Edmonton Oilers defenseman Andrew Ference is this year's recipient of the King Clancy Memorial Trophy, awarded "to the player who best exemplifies leadership on and off the ice and who has made a noteworthy humanitarian contribution to his community."
In his first season with the Oilers, Ference was named team captain and immediately made a mark in his new -- and hometown -- community.
Ference brought with him the November Project, an initiative started by two of his friends in Boston as a way for the former NCAA Division 1 rowers to stay in shape during the winter months. The free program encourages people of all ages and abilities to participate in various forms of physical activity in public locations throughout the city. Buoyed by Ference's efforts, the program experienced rapid growth shortly after its introduction.
A proud supporter of the green movement, Ference continued his advocacy for preserving the environment for future generations. He reached out to the Edmonton Waste Management Centre and invited Grade 3 and 4 students from a local elementary school to join him on a tour of the facility.

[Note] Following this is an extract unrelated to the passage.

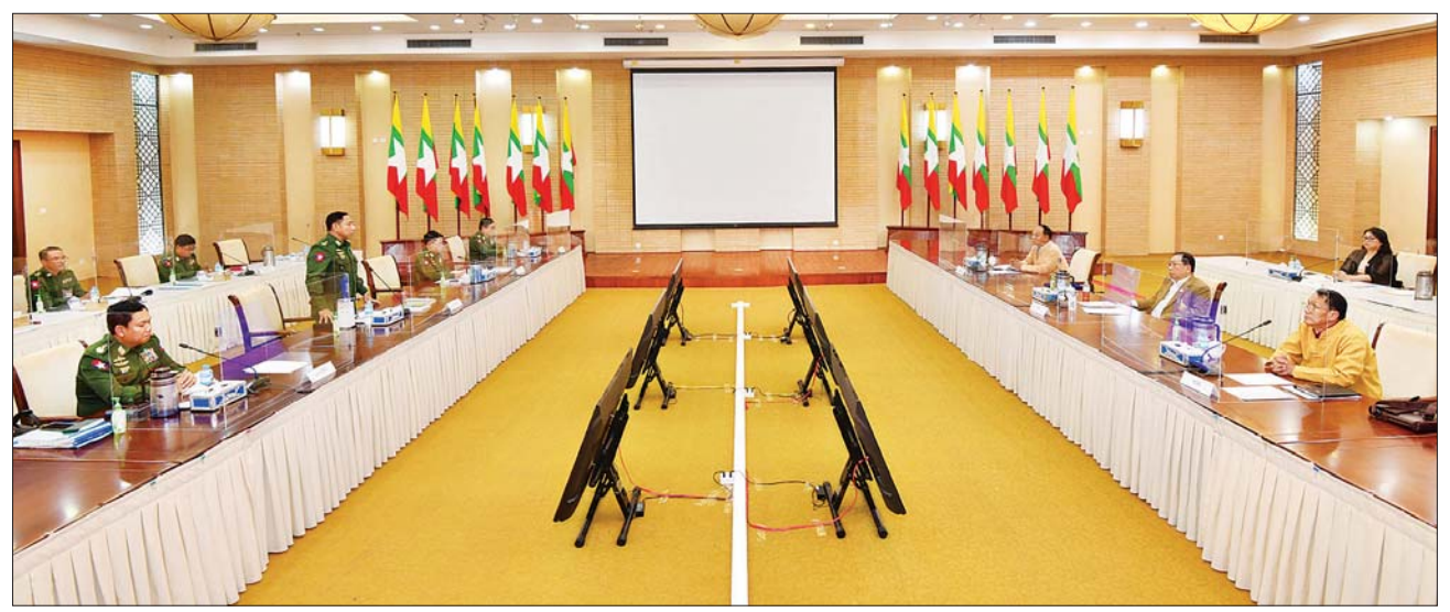
ကြသည်။ တွေ့ဆုံဆွေးနွေးပွဲတွင် သုံးရက် တာ ဆွေးနွေးညှိနှိုင်းချက်များ အရ နှစ်ဖက်သဘောထားတူညီ ပြီး အပြီးသတ်ရရှိလာသည့် သဘောတူညီချက်များကို အတည် ပြု လက်မှတ်ရေးထိုးပြီး အပြန် အလှန် လဲလှယ်ခဲ့ကြသည်။ ယင်းနောက် တက်ရောက် လာကြသည့် သျှမ်းပြည်ပြန်လည် ထူထောင်ရေးကောင်စီ (RCSS) ဥက္ကဋ္ဌ ဗိုလ်ချုပ်ကြီး ယွက်စစ်နှင့် စကားပြောကြားခဲ့ကြပြီး (အပေါ်ပုံ) လက်ဆောင်ပစ္စည်းများ အပြန် အလှန်ပေးအပ်ကာ မှတ်တမ်း တင် ဓာတ်ပုံရိုက်ခဲ့ကြောင်း သိရ ကြီး ရာပြည့်တို့က နိဂုံးချုပ်အမှာ သတင်းစဉ်

တွေ့ဆုံဆွေးနွေးပွဲသို့ နိုင်ငံ တော်စီမံအုပ်ချုပ်ရေး ကောင်စီ အဖွဲ့ဝင်၊ ပြည်ထောင်စုအစိုးရ အဖွဲ့ ရုံးဝန်ကြီးဌာန ပြည်ထောင်စု ဝန်ကြီး၊ အမျိုးသားစည်းလုံး ညီညွတ်ရေးနှင့် ငြိမ်းချမ်းရေး ဖော်ဆောင်မှုညွှန်ကြားရေးကော်မတီ ဥက္ကဋ္ဌ၊ ငြိမ်းချမ်းရေးဆွေးနွေးရေး အဖွဲ့ခေါင်းဆောင် ဒုတိယဗိုလ်ချုပ် ကြီး ရာပြည့်၊ အဖွဲ့ဝင်များဖြစ်ကြ သည့် နိုင်ငံတော်စီမံအုပ်ချုပ်ရေး ကောင်စီအဖွဲ့ဝင် ဒုတိယဗိုလ်ချုပ် ကြီး မိုးမြင့်ထွန်း၊ အမျိုးသား စည်းလုံးညီညွတ်ရေးနှင့် ငြိမ်းချမ်း ရေးဖော်ဆောင်မှု ညွှန်ကြားရေး ကော်မတီ အတွင်းရေးမှူး ဒုတိယ ဗိုလ်ချုပ်ကြီး မင်းနောင်၊ ညွှန်ကြား ရေးကော်မတီ အဖွဲ့ဝင် ဒုတိယ ဗိုလ်ချုပ်ကြီး ဝင်းဗိုလ်ရှိန်နှင့် သျှမ်းပြည်ပြန်လည်ထူထောင်ရေး ကောင်စီ (RCSS) ဥက္ကဋ္ဌ ဗိုလ်ချုပ် ကြီး ယွက်စစ်၊ ဗဟိုအလုပ်အမှု ဆောင် ကော်မတီဝင်များဖြစ်ကြ သည့် စပ်ဆောင်းဟန်၊ စပ်အမ် ခေးနှင့် ငြိမ်းချမ်းရေးဆွေးနွေးရေး ကိုယ်စားလှယ်များ တက်ရောက်

He engaged the students in conversations about being environmentally conscious and how the modest act of recycling can create a large impact worldwide.
Ference acts as an ambassador for the Green Sport Alliance, a non-profit organization with a mission to help sports teams, venues and leagues enhance their environmental performance, and has met with civic leaders to discuss environmental awareness and sustainability.
As captain, Ference had a prominent role at team community appearances throughout the season, including holiday visits to Edmonton's Stollery Children's Hospital and Inner City High School. He added his voice to the anti-bullying movement by supporting the Pink Shirt Day initiative and donated $1 for every seat at Rexall Place -- a total of $16,839 -- to Hope Mission, which provides crisis services for those who are homeless or at risk of being homeless.